[[ DATA RECORDS open ]]
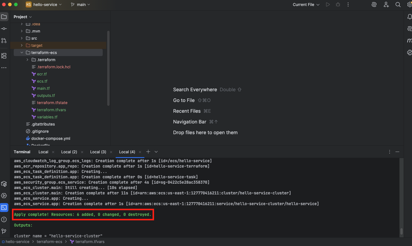 terraform applyagain - it will show “Apply complete!” with “0 to add, 0 to change, 0 to destroy” if everything is already created
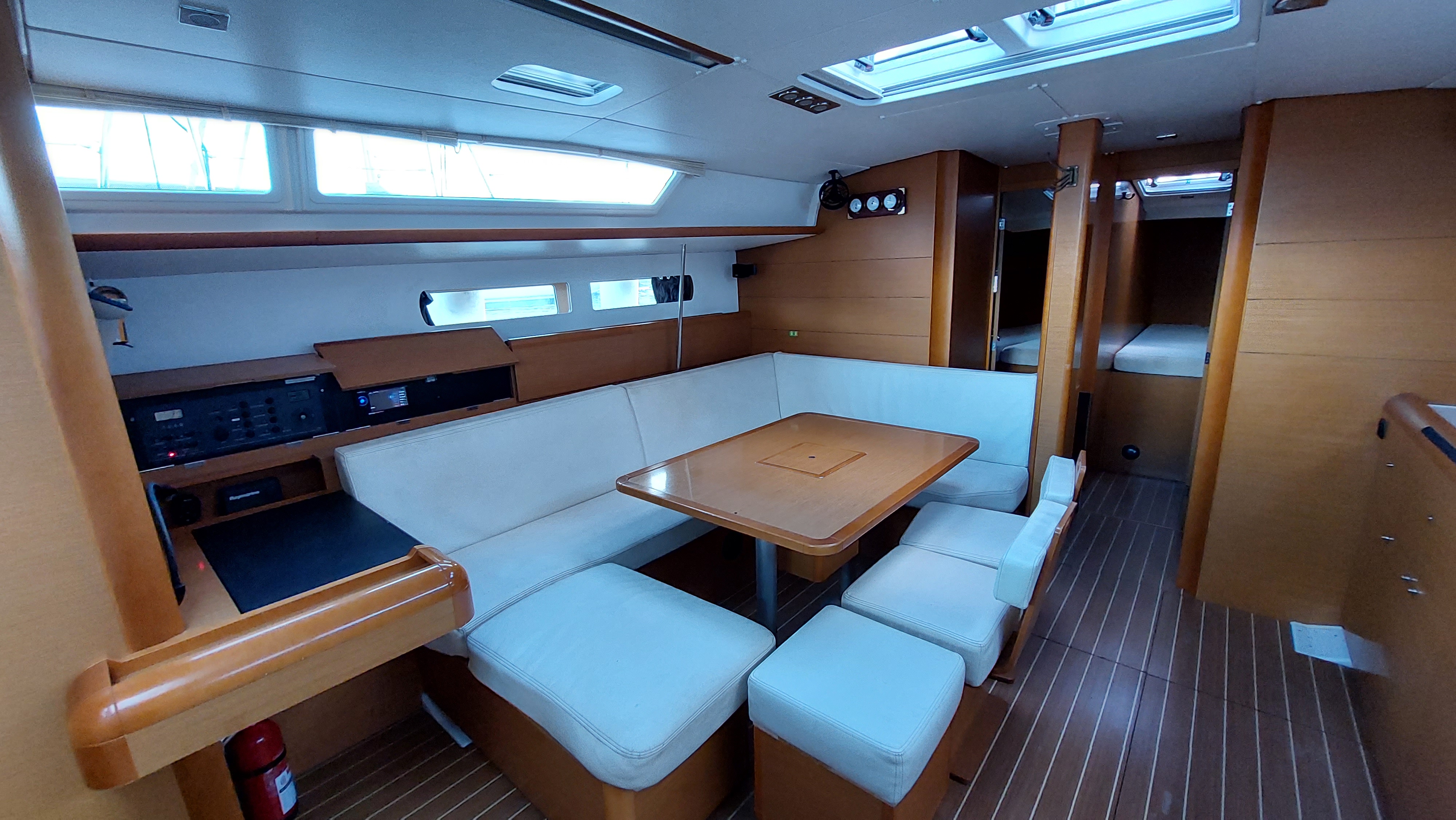 | Outside | 12 V-Anschluss, 220 V-Landanschluss, Anker mit Kette, Badeleiter, Badeplattform, Biminitop, Cockpitdusche, Cockpitlautsprecher, Cockpittisch, Fender, Festmacherleinen, Solaranlage, Sprayhood, Teak im Cockpit, Teakdeck, Wasserschlauch, Windex |
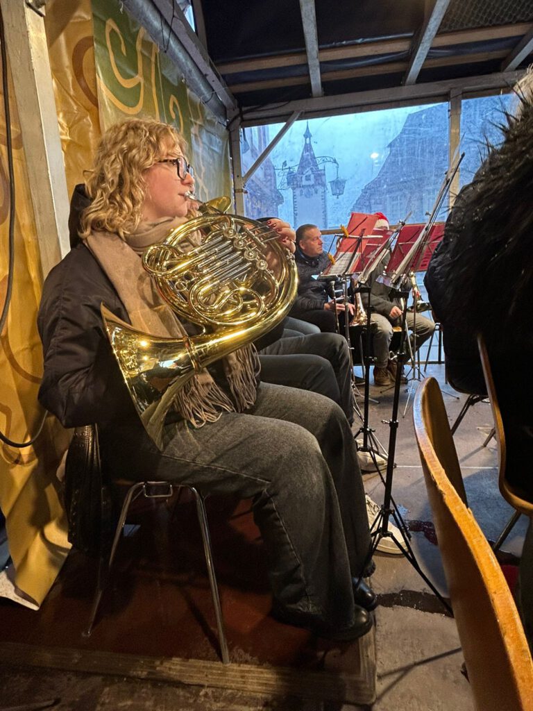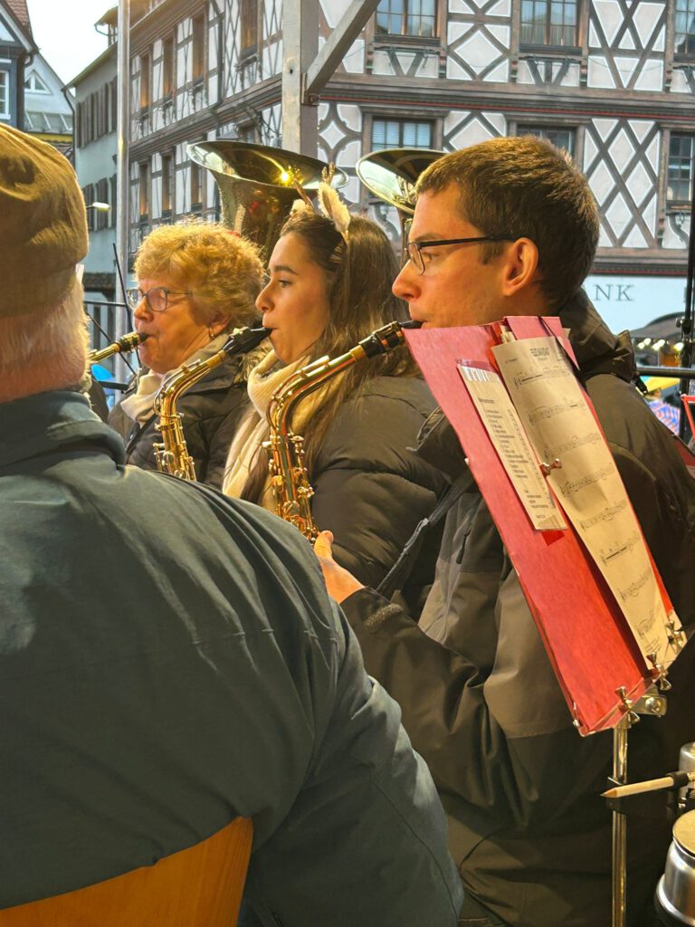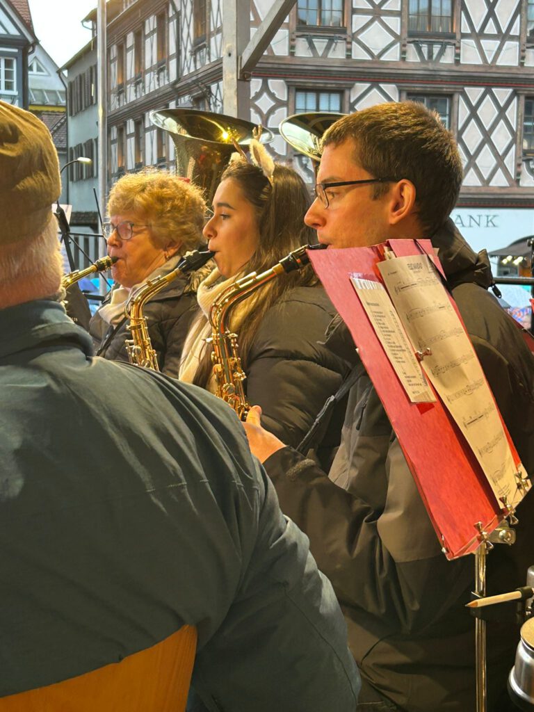 Trotz des Wetters versammelten sich zahlreiche Besucherinnen und Besucher auf dem Marktplatz, um den weihnachtlichen Klängen zu lauschen. Mit einer Auswahl an festlichen Melodien und traditionellen Stücken begeisterten die Musikerinnen und Musiker das Publikum und trugen zu einem besonderen Adventsmoment bei.
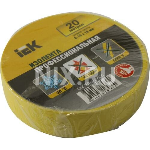 Изолента ПВХ желтая 19х20м UIZ-20-10-K05 IEK
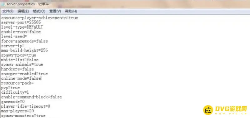 13.记事本打开后,将部分代码修改成如下:(全部不含引号)“server-ip=”--->“server-ip=127.0.0.1”(内网ip,调试阶段用这个) “online-mode=true”--->“online-mode=false”(必须改,否则非正版用户不能进入)。
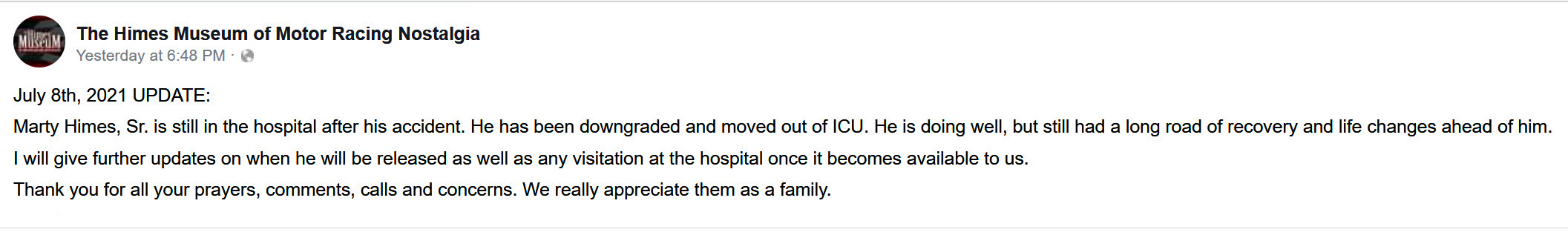 Marty has taken a lot of “dents and dings” in his racing career. There’s no doubt he will recover and come back better than ever. He is truly a friend to the racing community and we are lucky to call him neighbor. Get well soon Marty!
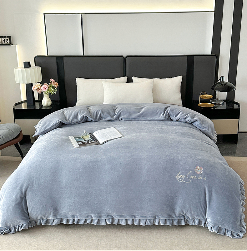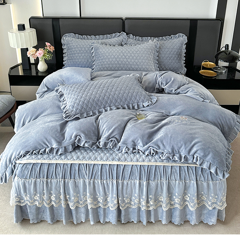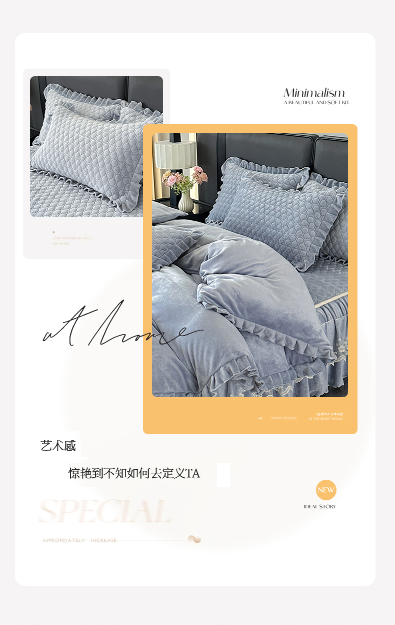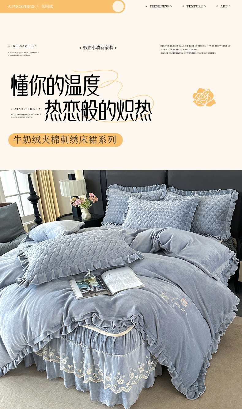 董韵家纺 2025新款牛奶绒刺绣夹棉床裙四件套系列(控价) 丝语-云烟灰
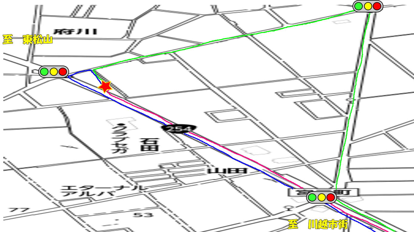 川越方面からご来店のお客様を例に、当店の駐車場への入り方を簡単にご案内します。東松山方面からご来店のお客様は直接左折でご入店いただくことが多いと思いますが、下記のように店裏側からも駐車場に入っていただけますのでご参考にしていただければと思います。
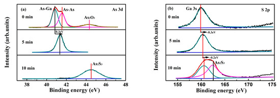 It can also be known that the poor surface morphology of the sample by 10 min treatment is caused due to the lattice mismatch of As–S and Ga–F, as shown in Figure 4c. Therefore, the GaAs surface by SF6 plasma treatment for an appropriate duration (as for 5 min) may exhibit favorable structural properties and chemical bonding conditions, which is beneficial to the subsequent device process.
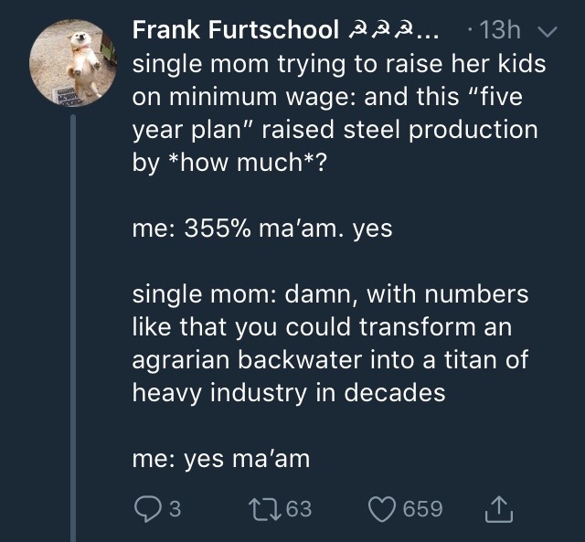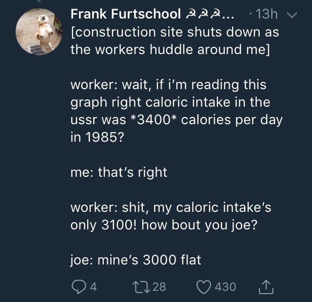 And I mean, this maybe sounds like an argument for socialism. Though not of any actually-existing- variety, as capitalist propaganda will be glad to tell you, Soviet work culture, at least when the morale thrills of the Revolution and Great Patriotic War faded from personal to institutional memory, was all about shirking and vodka.
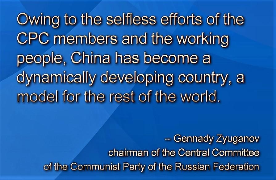 На просьбу дать оценку роли КПК в развитии теории и практики международного коммунистического движения Г.А. Зюганов подчеркнул тот факт, что сегодня Китай вносит определяющий вклад в мировое движение за социализм и является локомотивом всемирно-исторического прогресса. Своими грандиозными успехами Пекин демонстрирует преимущества социалистического пути развития всему миру. Некогда бедная аграрная страна, раздираемая внутренней враждой и разоряемая иностранными захватчиками, превратилась в ведущую державу планеты. Под руководством КПК она бросает вызов традиционным центрам глобального влияния в лице США и Западной Европы.
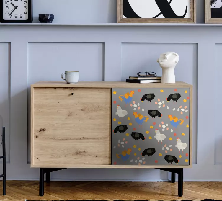 Descubre el encantador Vinilo animal de granja patrón de animales de granja, un diseño que evoca la alegría de la vida rural. Este mueble decorativo presenta un divertido patrón de animales como pollos y otros animales de granja, creando un ambiente juguetón y acogedor. Ideal para cualquier habitación, su estampado vistoso le dará un toque único a tus muebles, convirtiéndolos en verdaderas piezas de conversación.
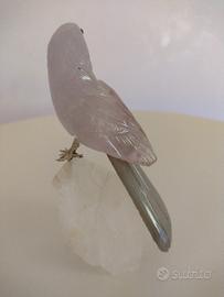 Adorabile pappagallo in pietre semipreziose su base di cristallo grezzo. altezza: 12 cm. peso: 356.
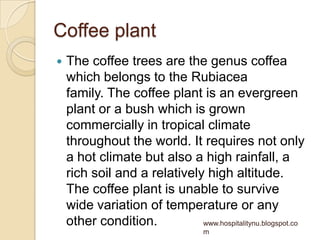 Coffee is naturally grown in many tropical and sub-tropical countries around the world. Ethiopia is considered the origin of coffee. There are several types of coffee plants, but the most common are Coffea arabica and Coffea canephora. Coffee is processed through either wet or dry methods depending on water availability. Popular brewing methods include instant, filter, percolator, espresso, and vacuum infusion. Factors like grind size, water temperature, and steeping time impact coffee quality and flavor.
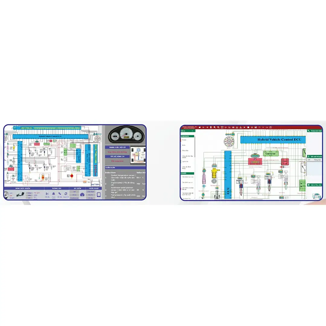 Mô phỏng hoạt động của hệ thống hybrid: Người học có thể thực hành đấu nối và kiểm tra các thành phần trong hệ thống truyền động hybrid trước khi thao tác thực tế.
[[ DATA RECORDS closed ]]
WHAT THIS TASK INVOLVES –
Transcribe every record above exactly, leaving out the pictures.

RESULT –
 terraform applyagain - it will show “Apply complete!” with “0 to add, 0 to change, 0 to destroy” if everything is already created
 | Outside | 12 V-Anschluss, 220 V-Landanschluss, Anker mit Kette, Badeleiter, Badeplattform, Biminitop, Cockpitdusche, Cockpitlautsprecher, Cockpittisch, Fender, Festmacherleinen, Solaranlage, Sprayhood, Teak im Cockpit, Teakdeck, Wasserschlauch, Windex |
 Trotz des Wetters versammelten sich zahlreiche Besucherinnen und Besucher auf dem Marktplatz, um den weihnachtlichen Klängen zu lauschen. Mit einer Auswahl an festlichen Melodien und traditionellen Stücken begeisterten die Musikerinnen und Musiker das Publikum und trugen zu einem besonderen Adventsmoment bei.
 Изолента ПВХ желтая 19х20м UIZ-20-10-K05 IEK
 13.记事本打开后,将部分代码修改成如下:(全部不含引号)“server-ip=”--->“server-ip=127.0.0.1”(内网ip,调试阶段用这个) “online-mode=true”--->“online-mode=false”(必须改,否则非正版用户不能进入)。
 Marty has taken a lot of “dents and dings” in his racing career. There’s no doubt he will recover and come back better than ever. He is truly a friend to the racing community and we are lucky to call him neighbor. Get well soon Marty!
 董韵家纺 2025新款牛奶绒刺绣夹棉床裙四件套系列(控价) 丝语-云烟灰
 川越方面からご来店のお客様を例に、当店の駐車場への入り方を簡単にご案内します。東松山方面からご来店のお客様は直接左折でご入店いただくことが多いと思いますが、下記のように店裏側からも駐車場に入っていただけますのでご参考にしていただければと思います。
 It can also be known that the poor surface morphology of the sample by 10 min treatment is caused due to the lattice mismatch of As–S and Ga–F, as shown in Figure 4c. Therefore, the GaAs surface by SF6 plasma treatment for an appropriate duration (as for 5 min) may exhibit favorable structural properties and chemical bonding conditions, which is beneficial to the subsequent device process.
 And I mean, this maybe sounds like an argument for socialism. Though not of any actually-existing- variety, as capitalist propaganda will be glad to tell you, Soviet work culture, at least when the morale thrills of the Revolution and Great Patriotic War faded from personal to institutional memory, was all about shirking and vodka.
 На просьбу дать оценку роли КПК в развитии теории и практики международного коммунистического движения Г.А. Зюганов подчеркнул тот факт, что сегодня Китай вносит определяющий вклад в мировое движение за социализм и является локомотивом всемирно-исторического прогресса. Своими грандиозными успехами Пекин демонстрирует преимущества социалистического пути развития всему миру. Некогда бедная аграрная страна, раздираемая внутренней враждой и разоряемая иностранными захватчиками, превратилась в ведущую державу планеты. Под руководством КПК она бросает вызов традиционным центрам глобального влияния в лице США и Западной Европы.
 Descubre el encantador Vinilo animal de granja patrón de animales de granja, un diseño que evoca la alegría de la vida rural. Este mueble decorativo presenta un divertido patrón de animales como pollos y otros animales de granja, creando un ambiente juguetón y acogedor. Ideal para cualquier habitación, su estampado vistoso le dará un toque único a tus muebles, convirtiéndolos en verdaderas piezas de conversación.
 Adorabile pappagallo in pietre semipreziose su base di cristallo grezzo. altezza: 12 cm. peso: 356.
 Coffee is naturally grown in many tropical and sub-tropical countries around the world. Ethiopia is considered the origin of coffee. There are several types of coffee plants, but the most common are Coffea arabica and Coffea canephora. Coffee is processed through either wet or dry methods depending on water availability. Popular brewing methods include instant, filter, percolator, espresso, and vacuum infusion. Factors like grind size, water temperature, and steeping time impact coffee quality and flavor.
 Mô phỏng hoạt động của hệ thống hybrid: Người học có thể thực hành đấu nối và kiểm tra các thành phần trong hệ thống truyền động hybrid trước khi thao tác thực tế.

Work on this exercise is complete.